Start of Block
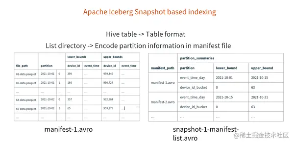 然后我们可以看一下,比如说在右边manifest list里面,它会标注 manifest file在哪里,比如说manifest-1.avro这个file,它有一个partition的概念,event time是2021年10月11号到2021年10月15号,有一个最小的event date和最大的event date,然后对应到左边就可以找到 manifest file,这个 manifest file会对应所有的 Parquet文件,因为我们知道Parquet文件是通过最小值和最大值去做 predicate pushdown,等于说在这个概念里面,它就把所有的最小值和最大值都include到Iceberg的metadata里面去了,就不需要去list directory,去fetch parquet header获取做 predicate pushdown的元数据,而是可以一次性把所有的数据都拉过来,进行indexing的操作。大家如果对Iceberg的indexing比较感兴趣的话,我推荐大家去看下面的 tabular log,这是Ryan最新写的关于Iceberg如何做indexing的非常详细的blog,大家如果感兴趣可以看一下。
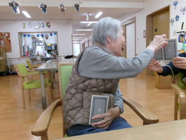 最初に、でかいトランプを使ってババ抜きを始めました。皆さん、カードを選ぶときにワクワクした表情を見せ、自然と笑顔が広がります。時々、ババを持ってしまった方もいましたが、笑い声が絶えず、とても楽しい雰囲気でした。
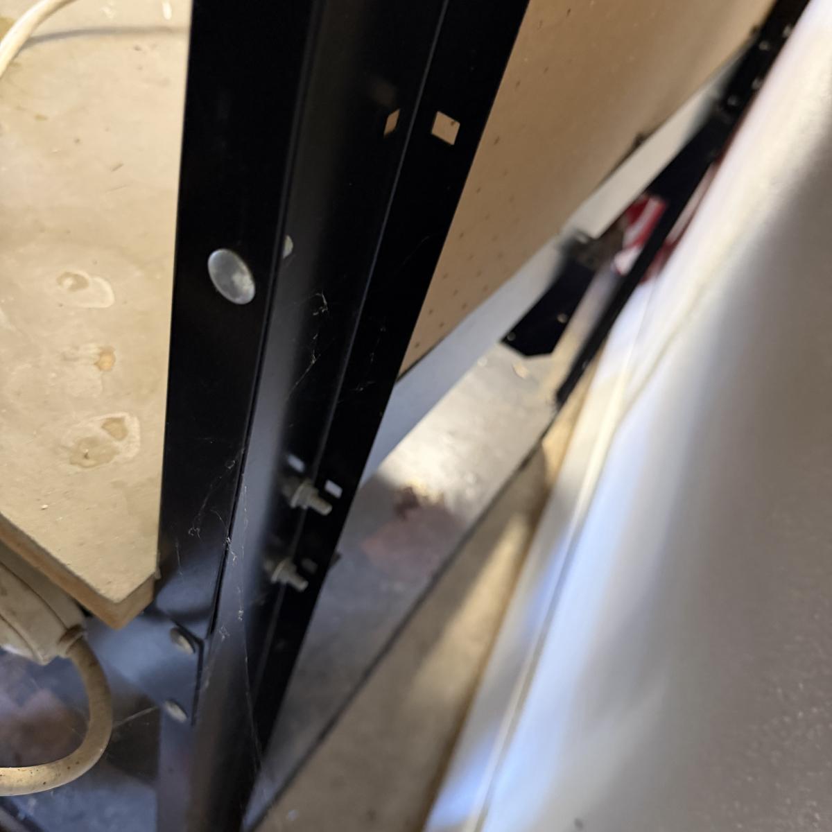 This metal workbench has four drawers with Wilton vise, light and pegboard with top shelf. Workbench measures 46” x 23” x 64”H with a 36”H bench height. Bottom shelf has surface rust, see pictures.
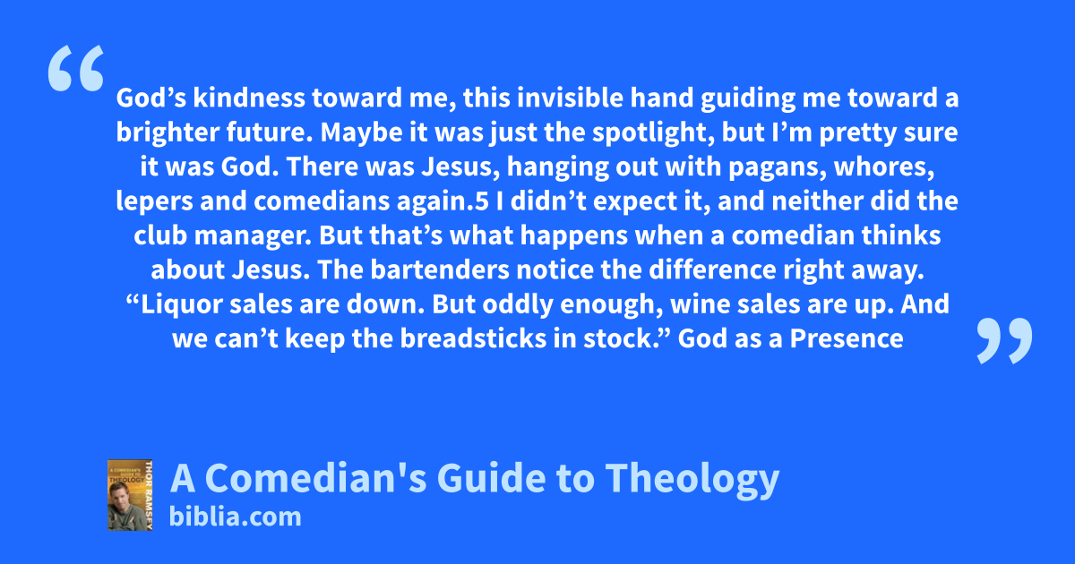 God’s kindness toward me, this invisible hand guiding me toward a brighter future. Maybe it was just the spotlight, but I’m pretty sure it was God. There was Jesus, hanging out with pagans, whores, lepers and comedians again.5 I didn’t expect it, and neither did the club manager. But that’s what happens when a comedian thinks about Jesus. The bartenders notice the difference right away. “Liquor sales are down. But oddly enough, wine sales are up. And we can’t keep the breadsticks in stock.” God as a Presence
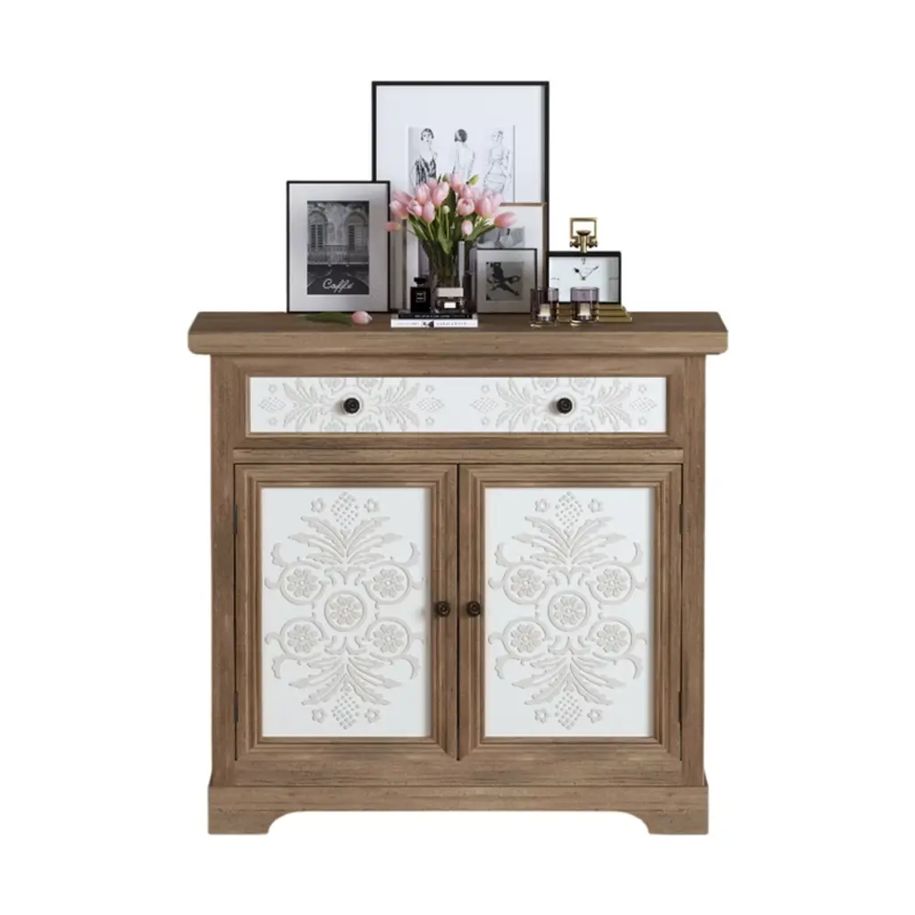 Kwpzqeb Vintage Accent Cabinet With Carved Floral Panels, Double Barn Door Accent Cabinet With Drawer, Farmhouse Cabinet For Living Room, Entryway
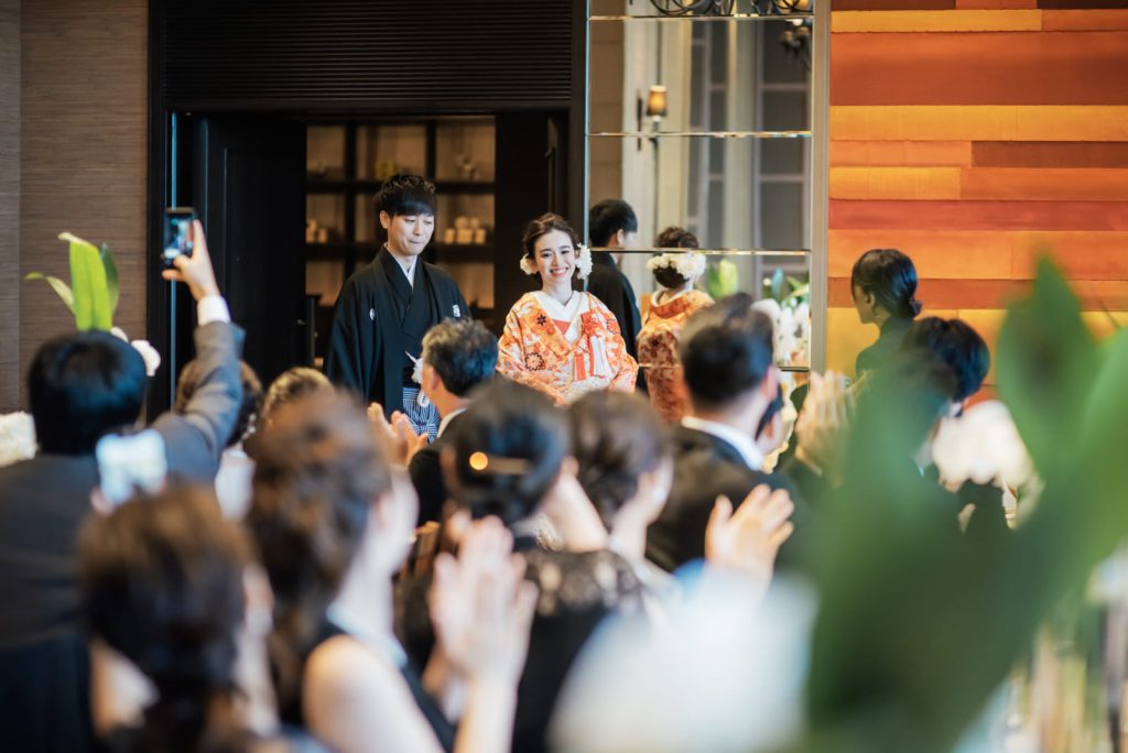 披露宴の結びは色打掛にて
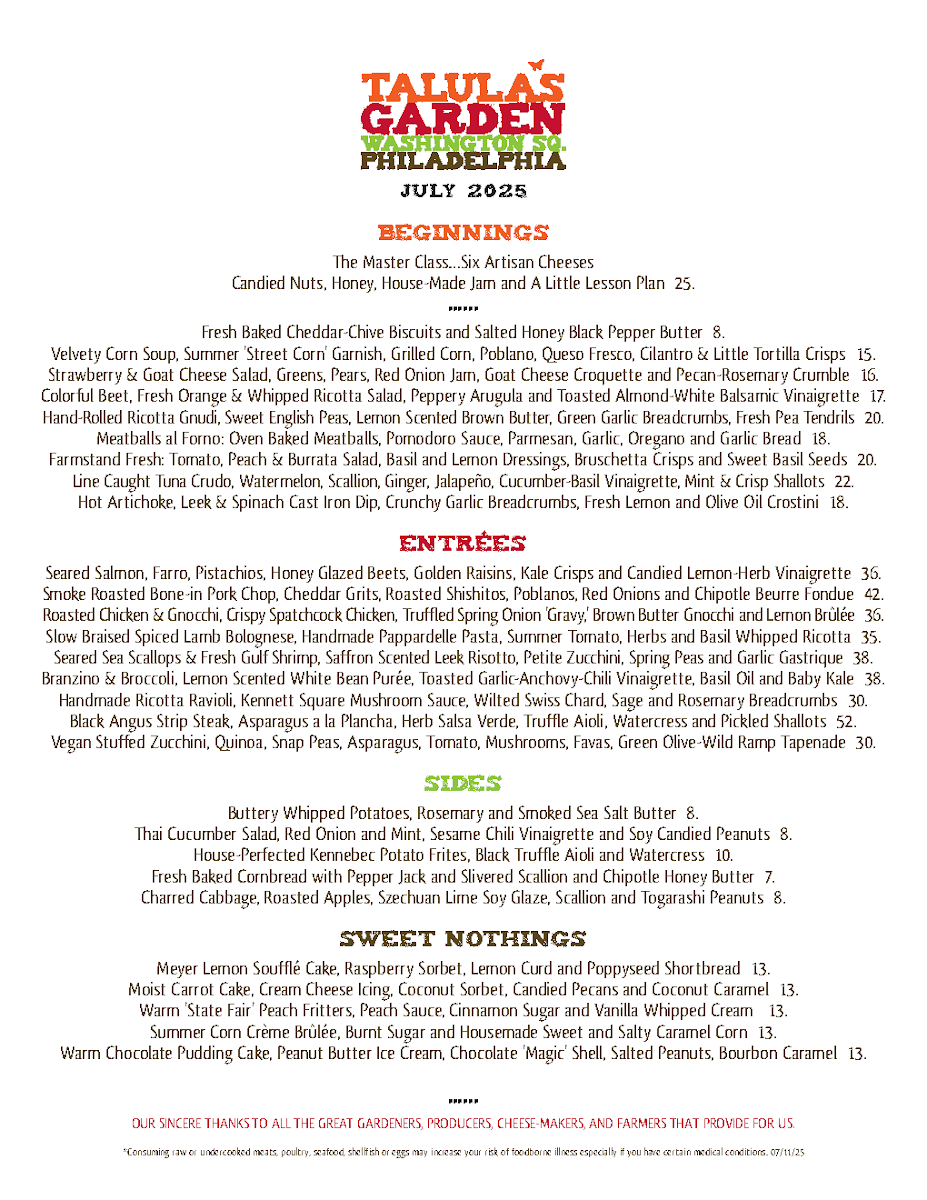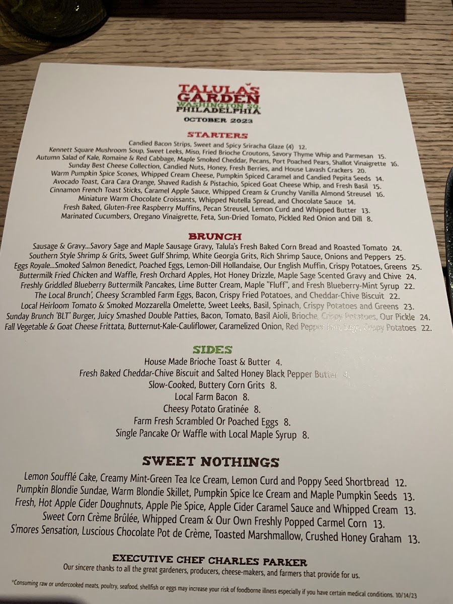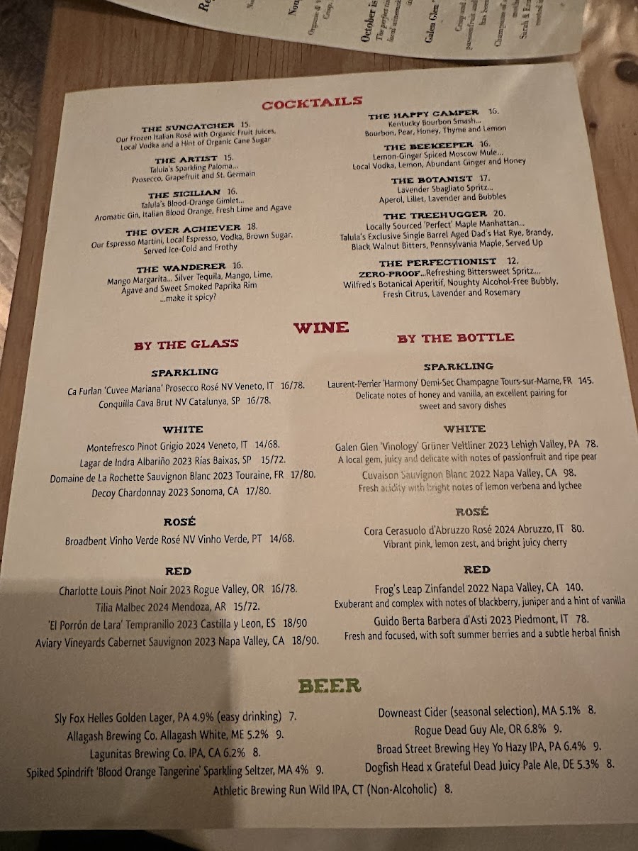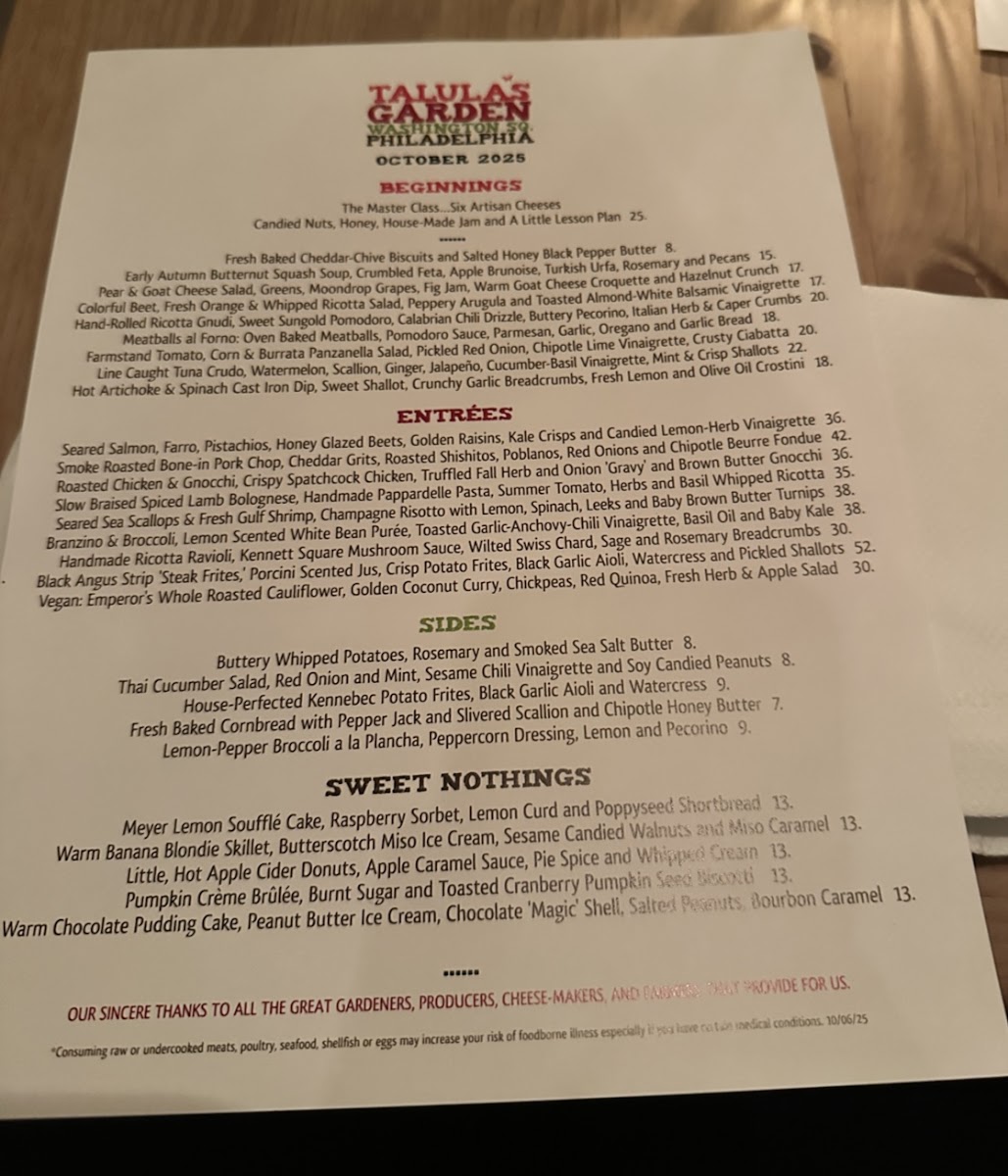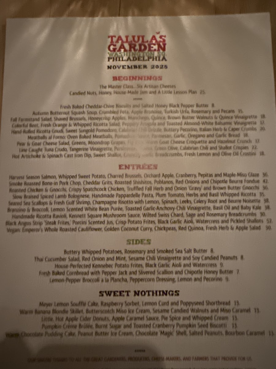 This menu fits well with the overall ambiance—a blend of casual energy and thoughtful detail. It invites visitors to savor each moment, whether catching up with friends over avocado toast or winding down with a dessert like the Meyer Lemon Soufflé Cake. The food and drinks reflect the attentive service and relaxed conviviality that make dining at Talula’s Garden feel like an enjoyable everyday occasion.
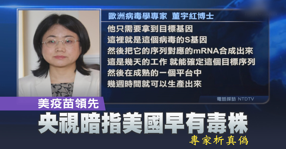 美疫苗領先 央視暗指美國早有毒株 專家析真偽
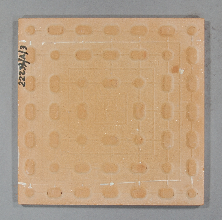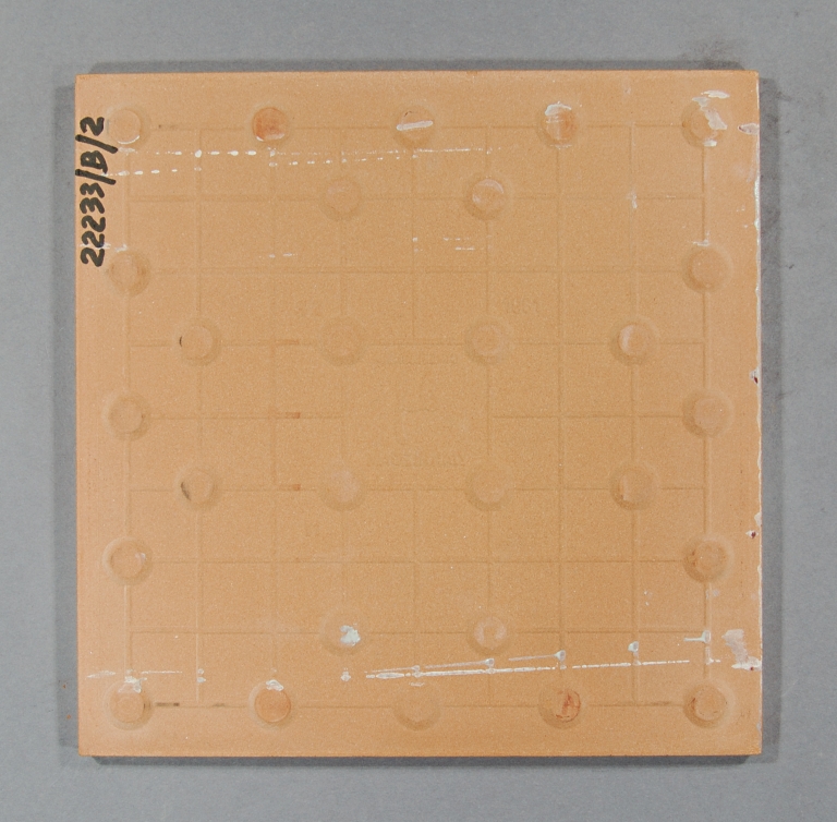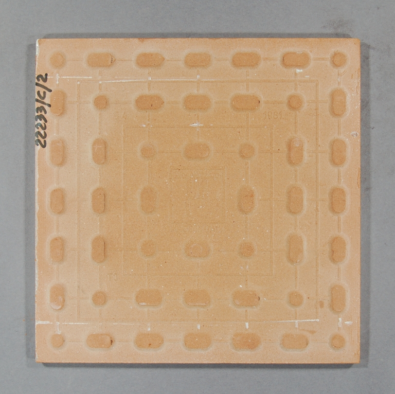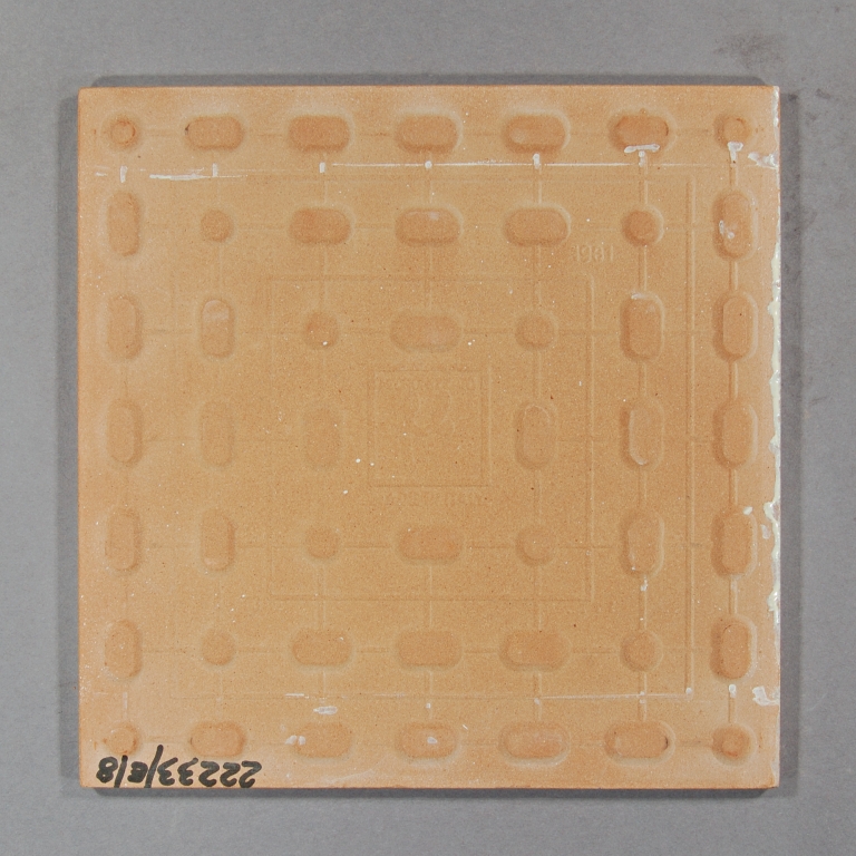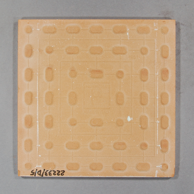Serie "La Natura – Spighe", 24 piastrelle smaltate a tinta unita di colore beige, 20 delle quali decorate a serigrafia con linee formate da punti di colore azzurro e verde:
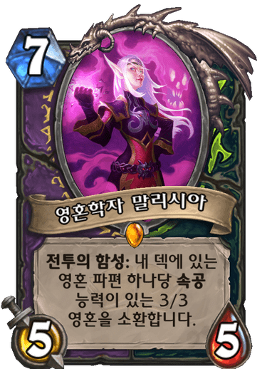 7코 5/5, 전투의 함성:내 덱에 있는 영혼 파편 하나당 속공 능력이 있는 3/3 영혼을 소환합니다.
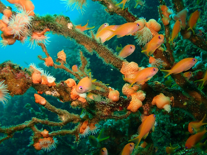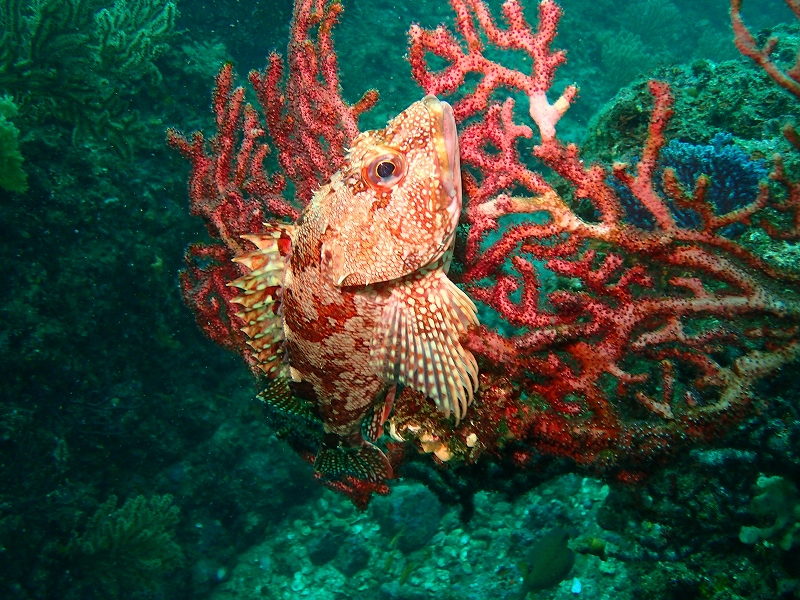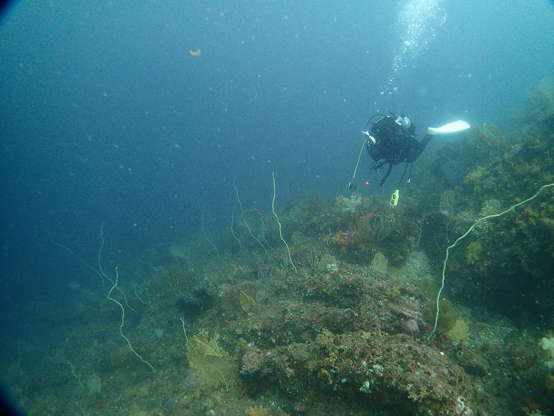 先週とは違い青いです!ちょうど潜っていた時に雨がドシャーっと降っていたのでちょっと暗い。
End of Block
**Exercise description**
Write out, please, the lines of the listing above from the one with "This menu fits" through the very last, exactly as given and with no pictures.

**Result for this task**
 This menu fits well with the overall ambiance—a blend of casual energy and thoughtful detail. It invites visitors to savor each moment, whether catching up with friends over avocado toast or winding down with a dessert like the Meyer Lemon Soufflé Cake. The food and drinks reflect the attentive service and relaxed conviviality that make dining at Talula’s Garden feel like an enjoyable everyday occasion.
 美疫苗領先 央視暗指美國早有毒株 專家析真偽
Serie "La Natura – Spighe", 24 piastrelle smaltate a tinta unita di colore beige, 20 delle quali decorate a serigrafia con linee formate da punti di colore azzurro e verde:
 7코 5/5, 전투의 함성:내 덱에 있는 영혼 파편 하나당 속공 능력이 있는 3/3 영혼을 소환합니다.
 先週とは違い青いです!ちょうど潜っていた時に雨がドシャーっと降っていたのでちょっと暗い。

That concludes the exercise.